Keine Frage, viele deutsche Unternehmen brauchen angesichts der Energiekrise staatliche Unterstützung. Der Rettungsschirm dient nicht nur den Firmen und ihren Eigentümern, er rettet Arbeitsplätze und hilft so, Wohlstand zu sichern oder seinen Verlust wenigstens zu begrenzen. Verständlich deshalb, dass Industrievertreter und Lobbyisten in Presse, Funk, Fernsehen und sozialen Netzwerken Staatshilfe anmahnen.
Irritierend ist jedoch, mit welcher Selbstverständlichkeit sie dies tun.

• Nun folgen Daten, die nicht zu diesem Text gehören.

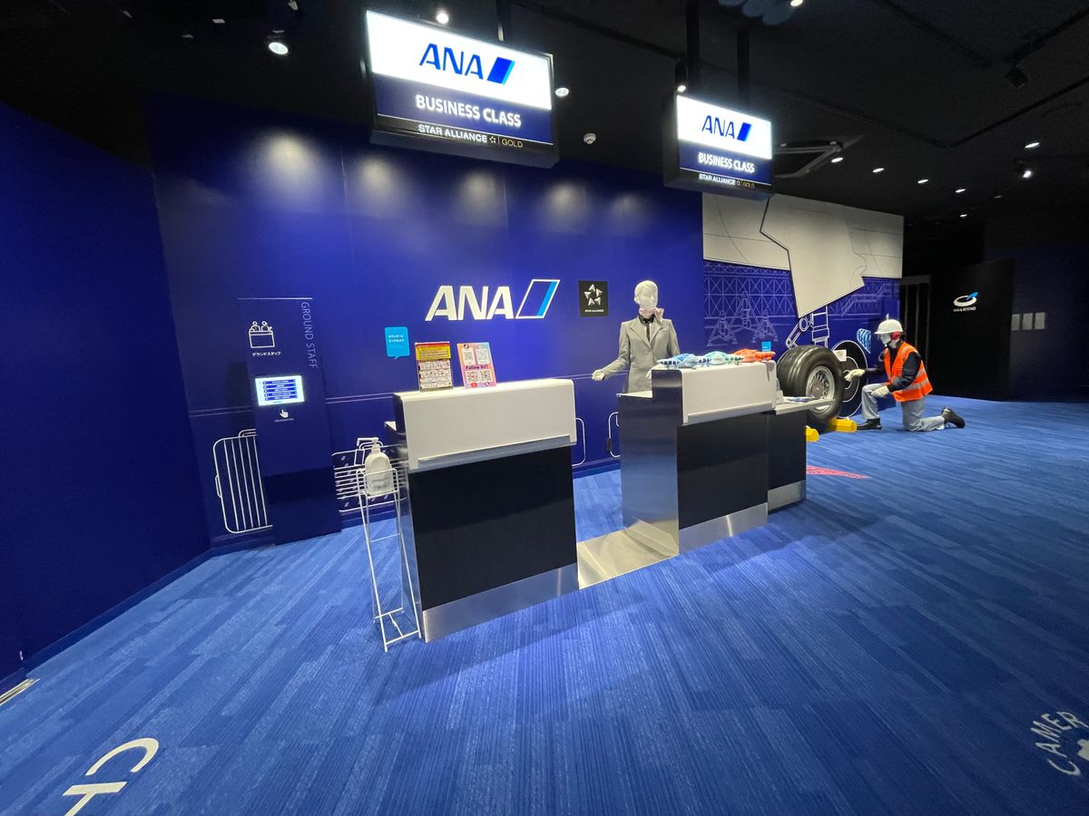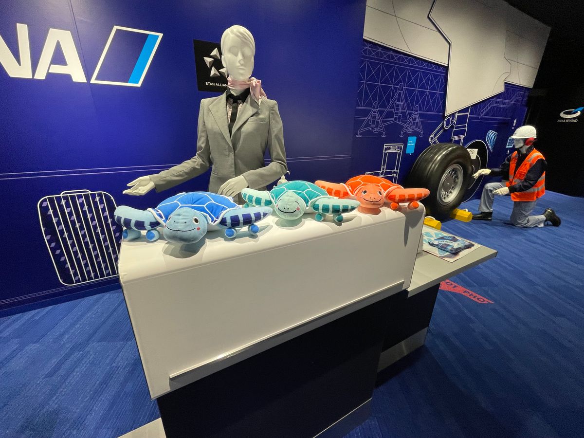 ANAの歴史や豆知識のほか、クルーが重ねる弛まぬ努力の一端を感じられます。ロッカーは各空港の3レターコードになっており、知識もインプットされます!穴守稲荷駅から歩いて約10分のところにある、ANA Blue Baseは、ANAグループ社員の総合訓練施設になっています。コックピットクルーやキャビンクルー、グランドスタッフ、グランドハンドリングといった航空機の運航に不可欠な様々な職種の方が定期的に訓練に訪れます。グランドスタッフのバッジなどが展示されてあり、見どころたくさんです!昨日(1/30)は、ソラシドエアの社員が訓練に訪れていました。ANAの客室乗務員が案内してくれました。

Als sei es das Normalste der Welt, dass sich der Staat in wirtschaftliches Handeln einmischt. Es sind die gleichen Vertreter der Interessen der Wirtschaft, die jenseits von Krisenzeiten den Staat verleumden. Er bremse mit Bürokratie und Vorschriften das wackere Unternehmertum aus. Er poche zu sehr auf soziale Gerechtigkeit und hemme so die freie Entfaltung der allein selig machenden Marktkräfte. Ganz nebenbei finden diese Vertreter ökonomischer Interessen selten mahnende Worte für die schwarzen Schafe unter ihnen, die sich einen Wettbewerb in legaler und halb legaler Steuervermeidung liefern, die des Profits wegen aus Tarifverträgen fliehen, die billig im Ausland produzieren, wo sie sich wenig um Umweltstandards oder Arbeitsschutz kümmern.
Gewiss, solche Unternehmen sind nicht in der Mehrheit. Aber wenige sind es auch nicht. Industrie- und Unternehmerverbände, die jetzt nach dem Staat rufen, um ihre Verluste zu vergesellschaften, sollten sich in profitablen Zeiten nicht allzu rigoros über den Staat beschweren, wenn der versucht, im Interesse der Allgemeinheit das Kapital wenigstens ein bisschen zu regulieren. Wer in der Not Hilfe braucht, tut sich leichter, wenn er in guten Zeiten Anstand zeigt.